Task goal ::
Below are the entries. Print only the lines starting at the one with "07 Ноя 2011" and ending at the one with "Stenske poslikave Starodavna", exactly, with no pictures.
* * * * *
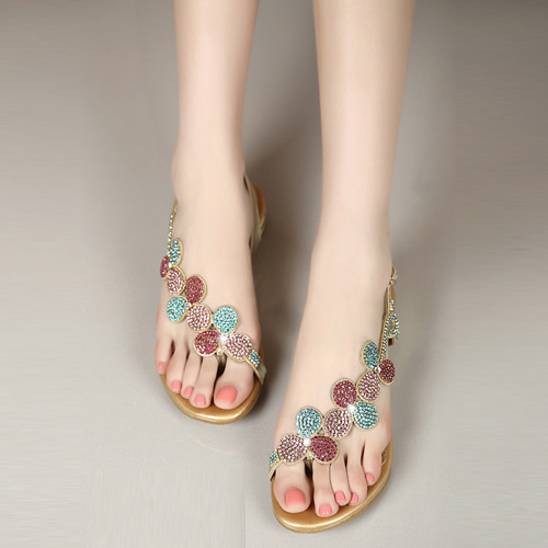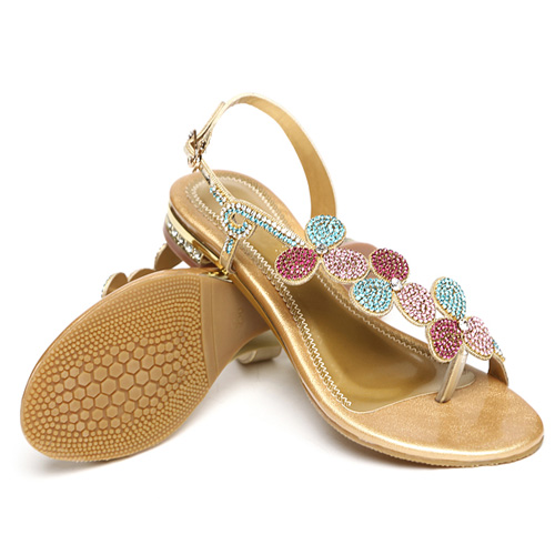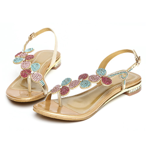 Its rhinestone flowers design makes it look so eye-catching and charming. Flat heel
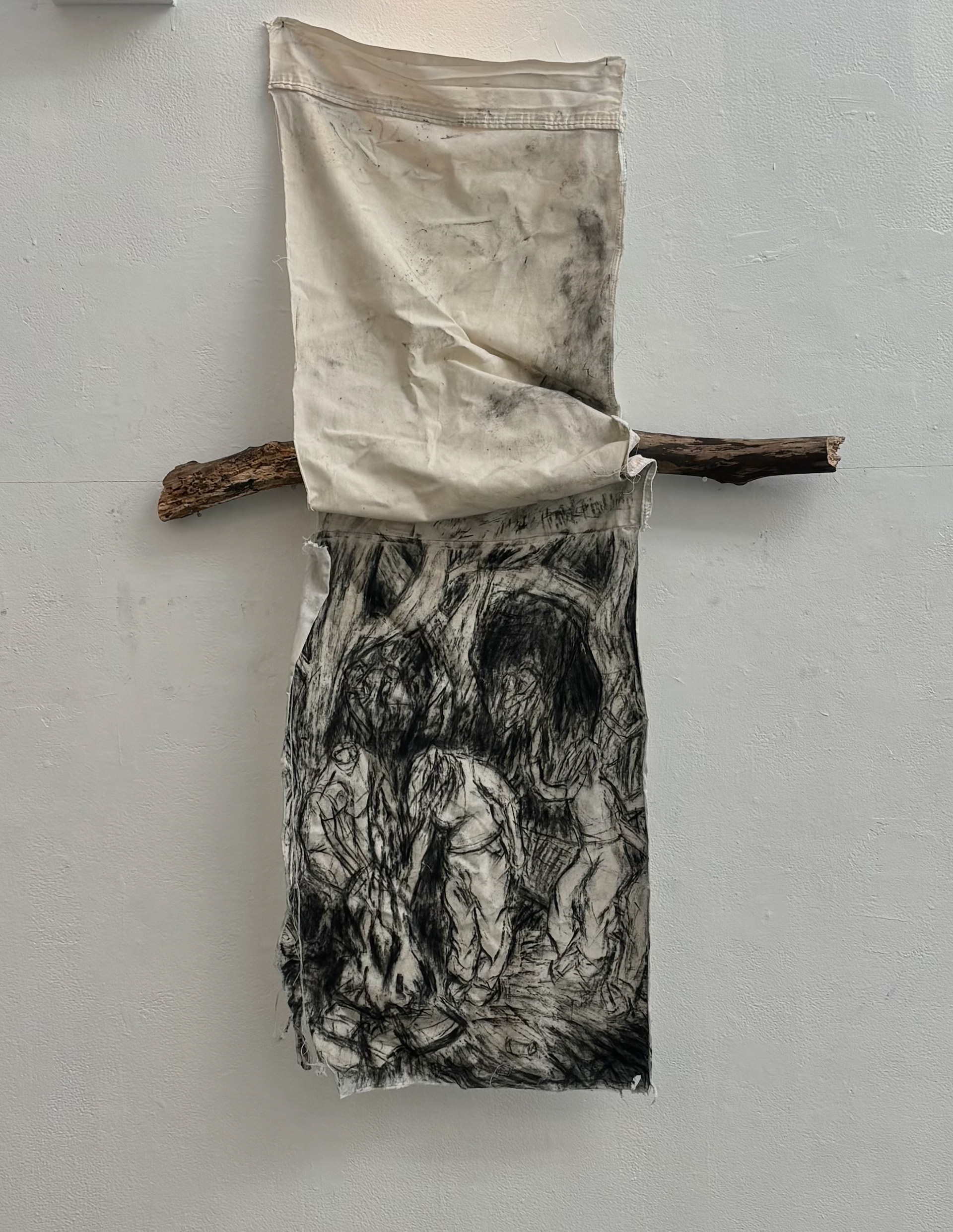 2024, found charcoal, beer, wood, and pillowcase, 55"x33"x3"
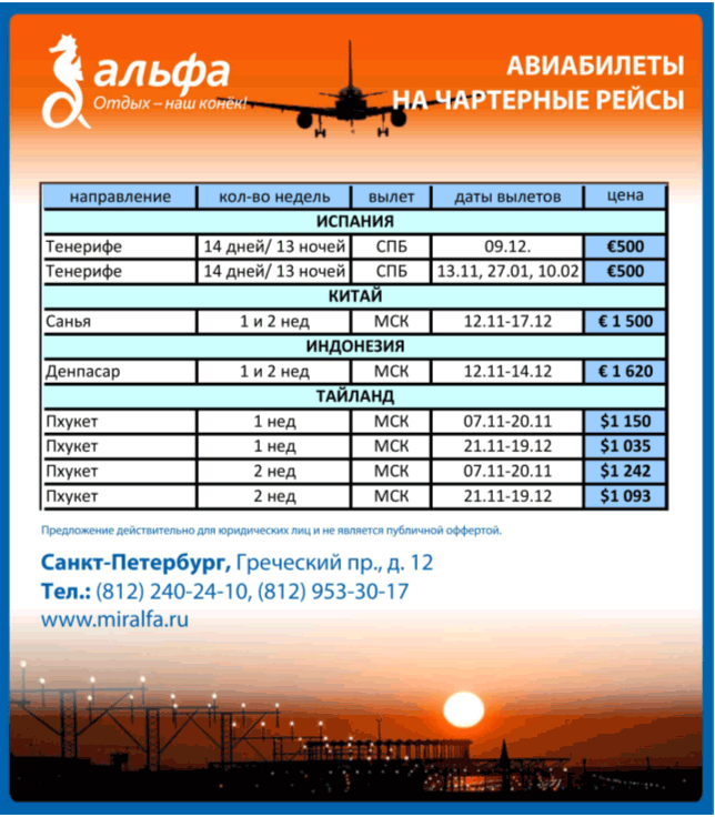 07 Ноя 2011 13:01:54 АВИАБИЛЕТЫ на чартерные рейсы от фирмы АЛЬФА СТ
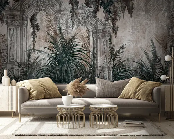Stenske poslikave Starodavna arhitektura s tropskimi listi Št. u95500
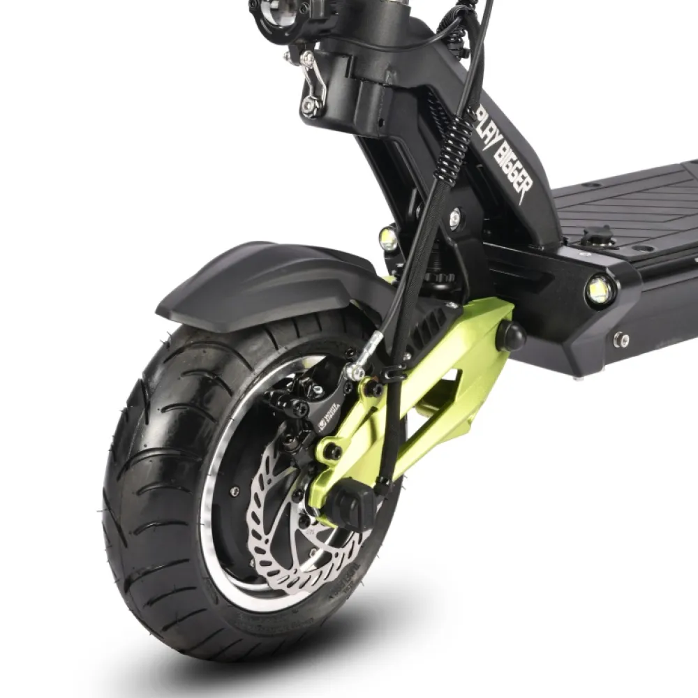 11-дюймовые накатистые колеса в сочетании с двигателем мощностью 3600 Вт способны развивать скорость до 75 км/час. Запас хода составляет 70 км. С  такими параметрами покупка дополнительных средств безопасности для ездока является обязательной. Модель выглядит привлекательно и современно. Оснащена вместительно прорезиненной платформой. Рулевая часть – удобная, оснащена нескользящими грипсами. Имеет информационный дисплей, благодаря которому пользователи способен мониторить скоростные показатели, степень заряда батареи и другие. Своевременность остановки обеспечена современной гидравлической тормозной системой. Наличие эргономичное подножки допускает парковку в труднодоступные места. Для заказа тс быстро предлагаем связаться с нами прямо сейчас.
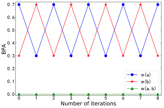 Table 1 shows the BPA and entropy after Yin’s negation iterations, and Figure 1 visualizes them. When the BPA only contained two focal elements, the negation was reversible: . No matter the number of negation iterations, the belief values of and always cyclically changed between 0.7 and 0.3. This did not converge into a certain value. Correspondingly, entropy no longer increased and could not reach its maximum.
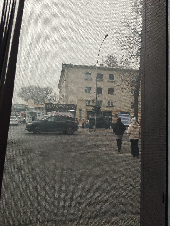The image, captured through a fine mesh screen, depicts an urban street scene in Kokand City, Uzbekistan, under an overcast sky
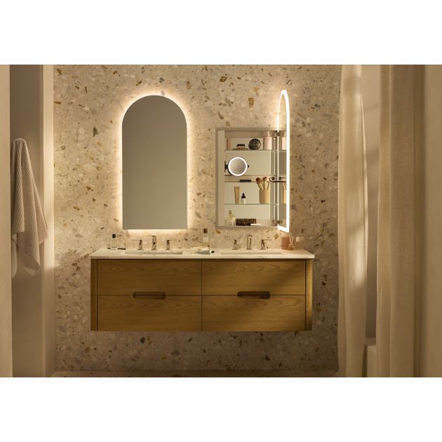 - Ease into morning tasks and relax into nighttime rituals with an illuminated interior cabinet that lets you easily locate all your grooming and styling tools.
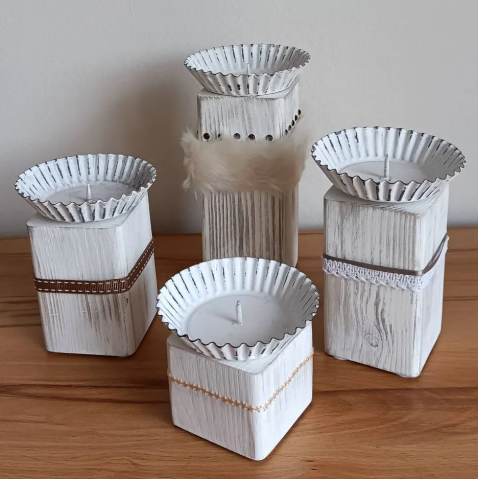 Sie sind natürlich in vier verschieden Höhen geschnitten worden. Bevor sie mit weißer Kreidefarbe auf Shabby gebracht werden, werden sie noch geschliffen. Ein Loch für den Kerzenhalter hinein. Zu guter Letzt mit einem schicken Band in liebevoller Handarbeit versehen.
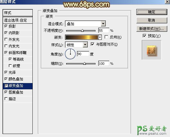 渐变叠加:混合模式为“叠加”。 ,然后再设置渐变色,如图22,其它设置如图21。
* * * * *
Task output ::
 07 Ноя 2011 13:01:54 АВИАБИЛЕТЫ на чартерные рейсы от фирмы АЛЬФА СТ
Stenske poslikave Starodavna arhitektura s tropskimi listi Št. u95500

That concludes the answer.